Every election cycle around this time, the conspiracy theorists and extremists from both ends of the spectrum start crying foul about frauds and mess-ups to come. True to form, we're already hearing all manner of hysteria from the left about blacks being disenfranchised and from the right about blacks being paid to register to vote.

Despite the chaos of the 2000 election, however, the vast majority of elections in this country come off without a hitch, and as government agencies go, elections boards tend to be just about the most corruption-free of all.

But that doesn't mean we aren't likely to see some difficulties next month, mainly stemming from the apparent fact that turnout is going to be strong, and in some places, unusually so.

Now comes a report from a District-based civil rights organization arguing that Virginia is especially likely to suffer from Election Day problems such as overwhelmed polling places, and that the areas most likely to be hit with such confusion and disorder are parts of the state with heavy black populations.

The Advancement Project, which bases its work on the idea that the country is still suffering from "structural racism," surveyed election day preparedness in seven battleground states and concluded that Virginia is one of three states (with Pennsylvania and Ohio) where there are insufficient poll workers recruited to handle the expected crowds and where voting machines have been misallocated (with a disproportionately insufficient number in urban areas with large black populations).

Comparing registration statistics with the number of poll workers and voting machines allotted to a particular precinct, the researchers found that in Alexandria, for example, there are 26 percent more voters per poll worker in precincts that are one quarter to one half minority than in precincts with low minority populations.

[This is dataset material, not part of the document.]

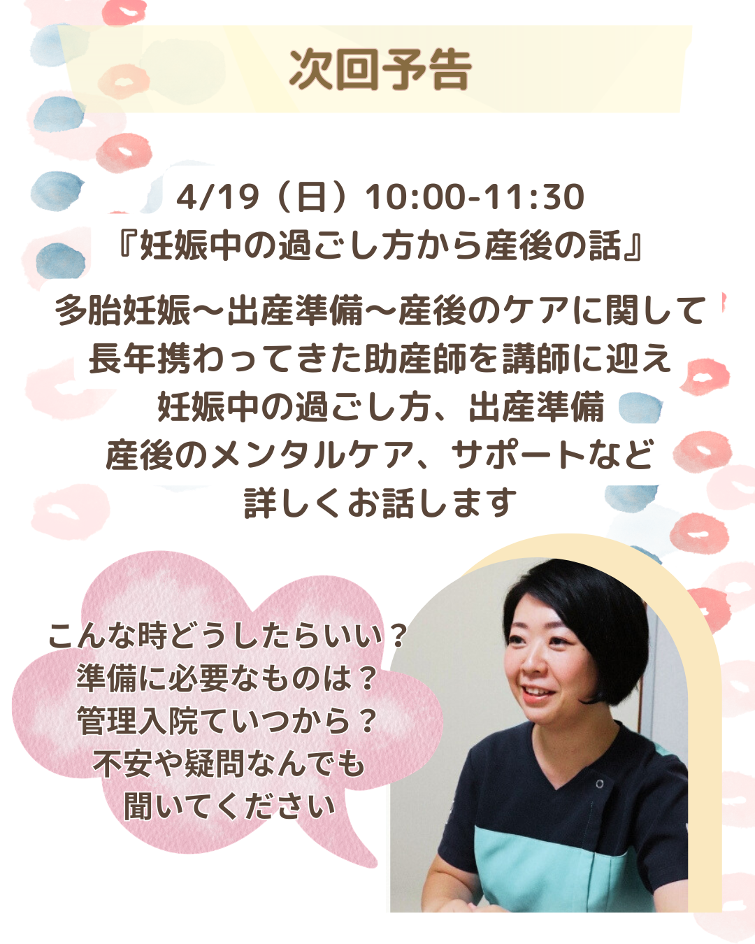 次回のオンライン多胎家庭交流会は4/19(日)「妊娠中の過ごし方から産後の話」です。

In Richmond, to give another example, there are 20 percent more voters per voting machine in high minority areas than in low minority precincts.

The state Board of Elections didn't deny the discrepancy, but said that local elections officials are working to accommodate the expected crush of voters. And the state has acknowledged that it is still short about 1,600 poll workers, especially in fast-growing locales such as Loudoun County.

It's worth noting that many polling places are overwhelmed every four years, as presidential elections routinely draw massively larger turnouts than the state and local elections in off years.
With some Virginia officials anticipating turnout as high as 85 percent this year--a number that is simply hard to believe given that it's a miracle anytime more than half of registered voters actually show up to vote--the queues may indeed be daunting.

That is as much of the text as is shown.